How AI Boosts Profits: Real-World Examples
When we talk about AI, the conversation usually revolves around automation, productivity boosts, or reducing inefficiencies.
However, for AI to be truly successful, it not only needs to pay off its costs but also generate additional revenue for the organization or at least reduce expenses, thereby contributing to profit growth.
Since AI helps improve various factors—eliminating inefficiencies, reducing errors, and providing better business insights—AI often results in long-term profit increases for companies. Let's look at a few examples of how this happens.
Less inefficiency reduces costs
In August 2016, a 5-hour power outage at Delta Airlines' operations center caused 2,000 flight cancellations, with losses estimated at $150 million. Unplanned outages like this are extremely expensive. They reduce revenue, disrupt service chains, increase maintenance costs, and raise customer dissatisfaction.

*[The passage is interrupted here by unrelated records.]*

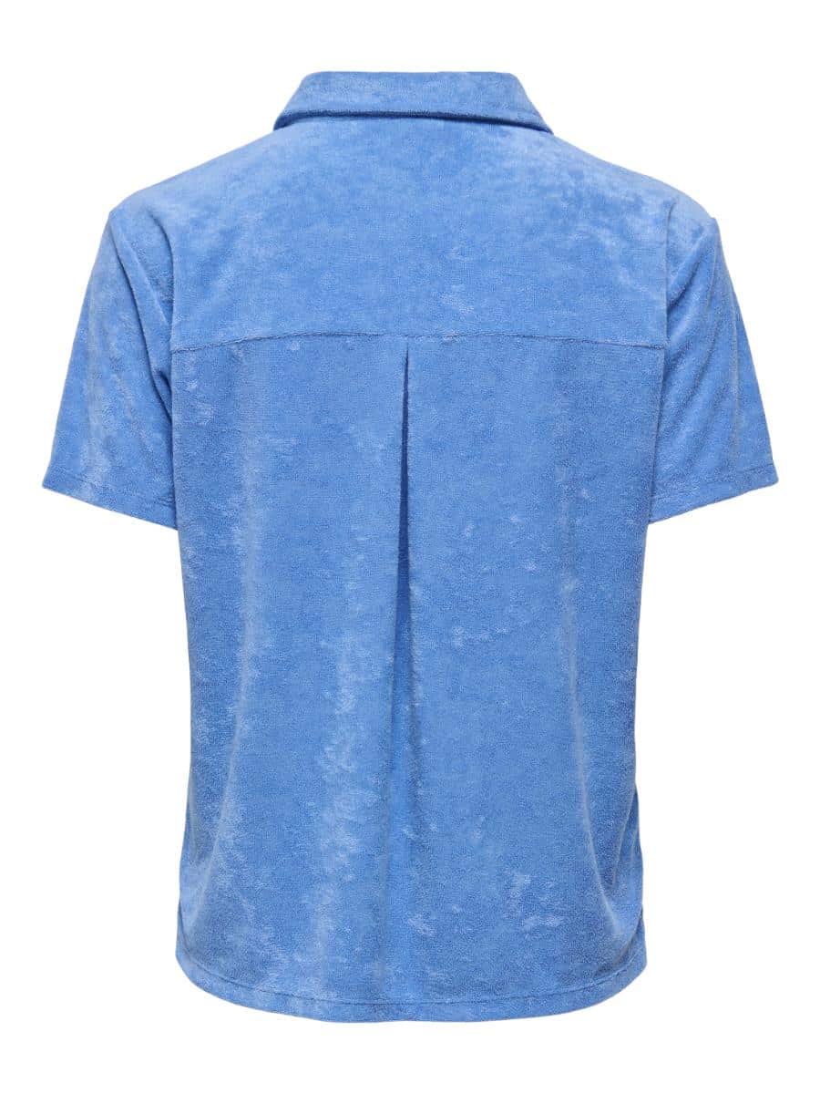 Only sweater ONLHOLLYTERRY. Model ONLHOLLYTERRY S/S PLACKET UB SWT. In de kleur ultramarine. De sweater is gemaakt van een zachte badstofmix van polyester en viscose. De kraag en knoopsluiting aan de voorkant geven het ontwerp een nette touch, terwijl het embleem op de borst een sportief detail toevoegt.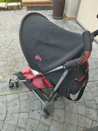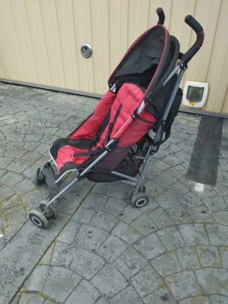 Cochecito de paseo de la marca Maclaren en color rojo y negro. Es ligero y fácil de plegar. - Capota ajustable. - Cesta de almacenamiento inferior. - Ruedas delanteras giratorias.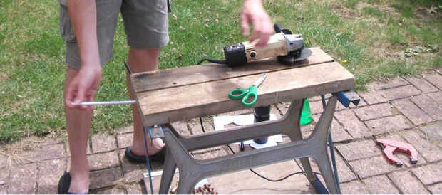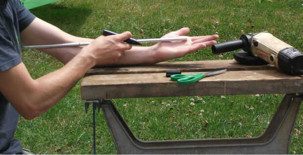 Medida desde el centro de su palma en su codo, se trata de la longitud de cada uno de los cinco tubos por cada dedo. Marcar la longitud de la pieza de aluminio y usar una amoladora o sierra para metales para cortar hacia fuera. Necesita una longitud del tubo para cada dígito, usé la mano hice cinco.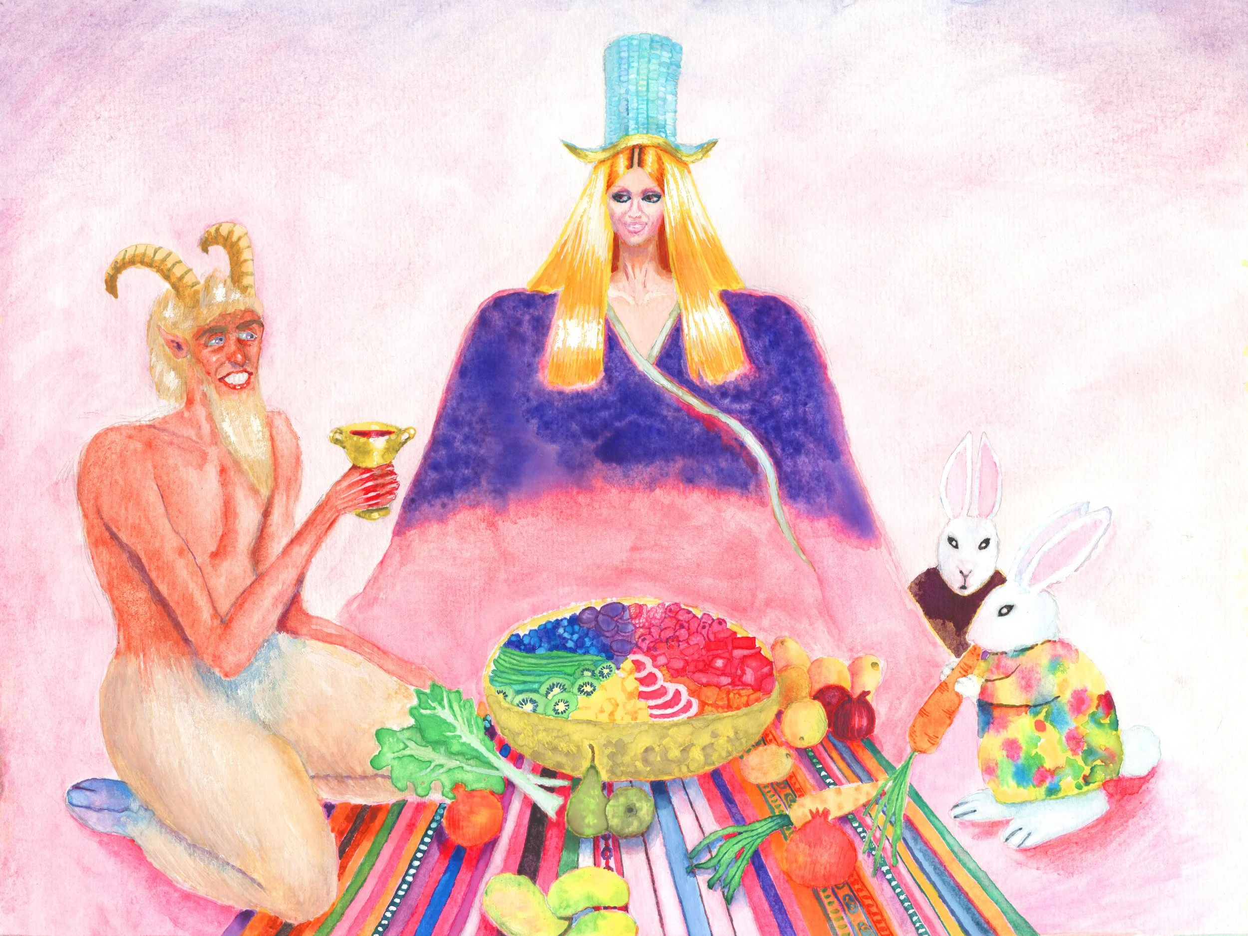 Petit Déjeuner Archadique, 2018, watercolor on paper, 24 x 32 cm.

When such failures occur, energy transmission companies have to make emergency repairs. This includes installing new equipment, sending experts into the field, handling logistics, and other costly activities. All of this increases costs and requires a lot of engagement. San Diego Gas & Electric Company (SDG&E) aims to avoid such expensive power supply interruptions.
With the help of AI experts, SDG&E is developing an AI system to prevent transmission system failures by predicting them weeks before they happen. Their system reaches an 80% success rate in predicting equipment failures two weeks in advance, and 90% three days in advance.
By predicting where failures are most likely to occur, SDG&E will be able to plan repairs in advance before an outage occurs, thus preventing large-scale power outages. This not only prevents interruptions in power supply but also reduces costs associated with unplanned interventions. Additionally, it ensures that critical services such as hospitals, firefighters, and rescuers are always operational.
Increased personalization raises revenue
We've already experienced how AI can hyper-personalize the customer experience. Take Amazon as an example. How many times has it happened that, instead of the product we are looking at, we end up purchasing the one recommended by their automatic system, which offers products related to the one we’re viewing? Amazon's AI system manages to keep customers in the store longer and provides more options related to our interests until we find what we want.
According to McKinsey, 35% of Amazon's revenue is generated through its recommendation system. Similarly, Netflix estimates that its recommendation engine saves more than a billion dollars a year by retaining customers who would otherwise drop off. Netflix estimates that only 20% of movies are found through search, while 80% come from its recommendation system. That's why it's crucial for Netflix to continue improving its personalized customer experience.
Personalization has the power to significantly boost revenue, and AI is the tool that enables exceptional results in personalization.
Innovation driven by data analysis
Ocean Spray, an agricultural cooperative of cranberry and grapefruit growers, faced declining demand and turned to AI to enhance sales. They first wanted to understand how consumers like to use cranberries. In such situations, focus groups of 10 to 15 people are usually used. However, relying on the opinions of such small groups to predict the behavior of millions of potential future customers is risky. You can never be sure whether the views of a small focus group truly represent real market demand.
Therefore, Ocean Spray decided to avoid traditional research methods. Instead, they conducted AI-assisted analysis of hundreds of thousands of online conversations, including user reviews and tweets related to cranberry juice, to uncover the opinions of a much larger number of potential consumers.
Through such analysis, they understood how consumers use cranberry juice daily, which gave them an idea of how to innovate and fill market gaps. Shortly after, Ocean Spray launched a new line of drinks, Ocean Spray Mocktails and Ocean Spray Pact. Revenue from this move was estimated at $100 million. By launching these cranberry-infused water beverages, they significantly expanded their existing market.
This example shows how Ocean Spray, by using AI analysis, gained insight into consumer habits, enabling them to step out of their saturated market and open new revenue streams.
A similar AI-assisted decision-making system can be applied in many types of businesses to understand the behavior of potential customers. This can lead to the creation of new products or provide ideas for improving existing ones. In either case, the result is increased revenue or at least savings by improving existing processes.